**ACTIVITY:**
Go to the line with "Apartmán Flat em" in the records below, then output it and each following line exactly, up to and including the line with "Пеше-Стрелецкая ул., д.159в, выезд". Skip pictures and add nothing.

**INFORMATION GIVEN:**
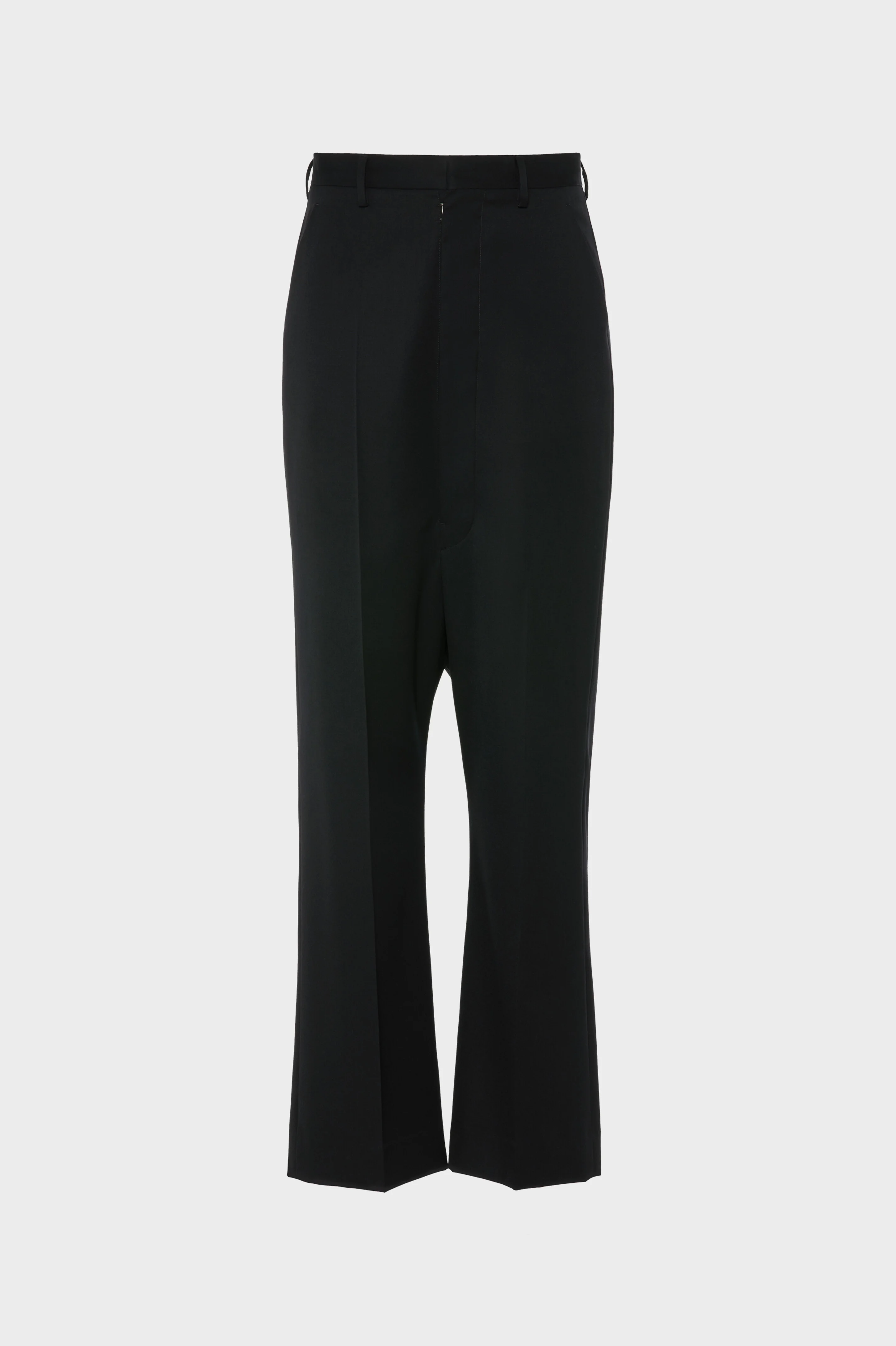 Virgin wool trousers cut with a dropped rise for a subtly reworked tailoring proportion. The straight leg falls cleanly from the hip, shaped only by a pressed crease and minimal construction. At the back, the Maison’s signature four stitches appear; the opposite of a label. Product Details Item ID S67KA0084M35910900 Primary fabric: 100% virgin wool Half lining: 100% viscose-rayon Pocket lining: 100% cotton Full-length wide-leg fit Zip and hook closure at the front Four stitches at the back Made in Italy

...

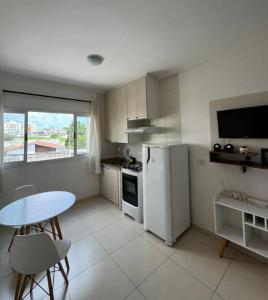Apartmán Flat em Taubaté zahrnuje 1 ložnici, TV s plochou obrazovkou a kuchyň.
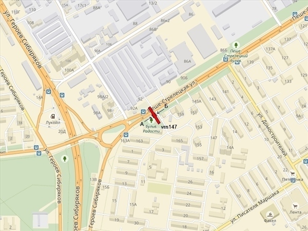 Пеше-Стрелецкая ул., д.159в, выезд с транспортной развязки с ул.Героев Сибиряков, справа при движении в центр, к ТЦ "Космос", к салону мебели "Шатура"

* * *

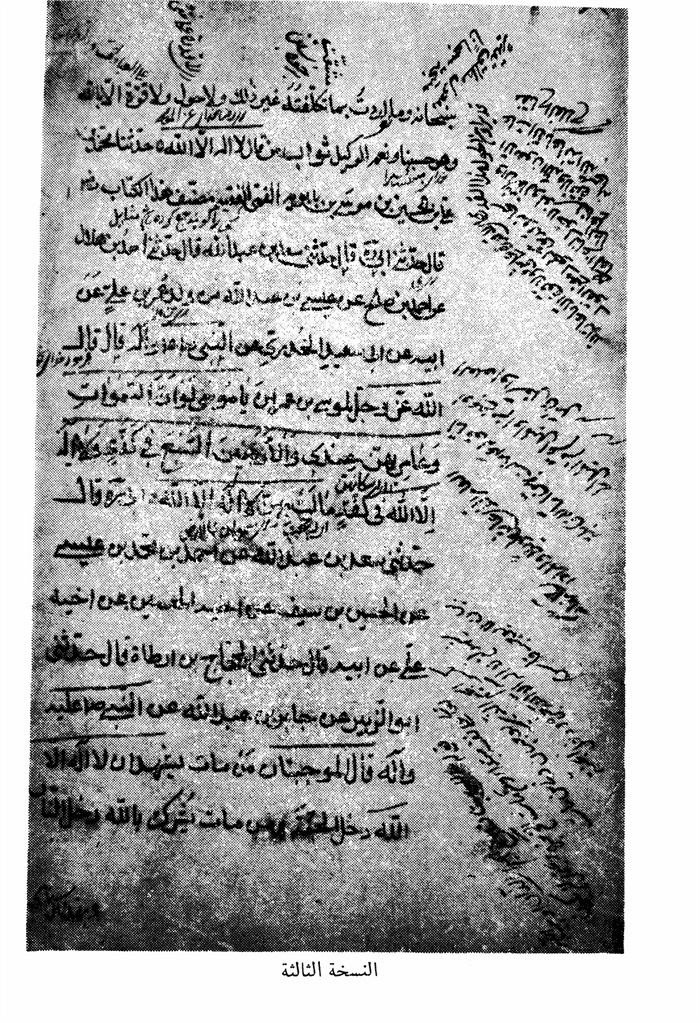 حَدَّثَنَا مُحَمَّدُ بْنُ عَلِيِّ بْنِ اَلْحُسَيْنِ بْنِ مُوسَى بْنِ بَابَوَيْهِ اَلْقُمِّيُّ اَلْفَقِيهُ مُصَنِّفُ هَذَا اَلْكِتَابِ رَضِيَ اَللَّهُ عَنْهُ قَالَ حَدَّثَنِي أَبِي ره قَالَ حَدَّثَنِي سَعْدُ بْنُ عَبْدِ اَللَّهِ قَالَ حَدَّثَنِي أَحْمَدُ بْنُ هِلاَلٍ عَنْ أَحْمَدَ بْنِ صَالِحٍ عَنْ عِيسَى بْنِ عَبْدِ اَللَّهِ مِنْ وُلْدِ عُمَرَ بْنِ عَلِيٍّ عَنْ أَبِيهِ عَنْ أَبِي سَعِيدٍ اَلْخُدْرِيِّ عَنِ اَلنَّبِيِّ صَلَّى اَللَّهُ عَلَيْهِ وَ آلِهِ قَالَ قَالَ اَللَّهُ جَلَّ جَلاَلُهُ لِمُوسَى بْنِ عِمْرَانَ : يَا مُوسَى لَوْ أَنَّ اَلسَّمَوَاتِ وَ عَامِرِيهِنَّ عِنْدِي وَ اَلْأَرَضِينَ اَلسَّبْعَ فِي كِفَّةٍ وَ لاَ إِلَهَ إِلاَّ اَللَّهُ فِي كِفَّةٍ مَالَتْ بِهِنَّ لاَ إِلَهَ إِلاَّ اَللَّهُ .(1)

**YOUR RESPONSE:**
Apartmán Flat em Taubaté zahrnuje 1 ložnici, TV s plochou obrazovkou a kuchyň.
 Пеше-Стрелецкая ул., д.159в, выезд с транспортной развязки с ул.Героев Сибиряков, справа при движении в центр, к ТЦ "Космос", к салону мебели "Шатура"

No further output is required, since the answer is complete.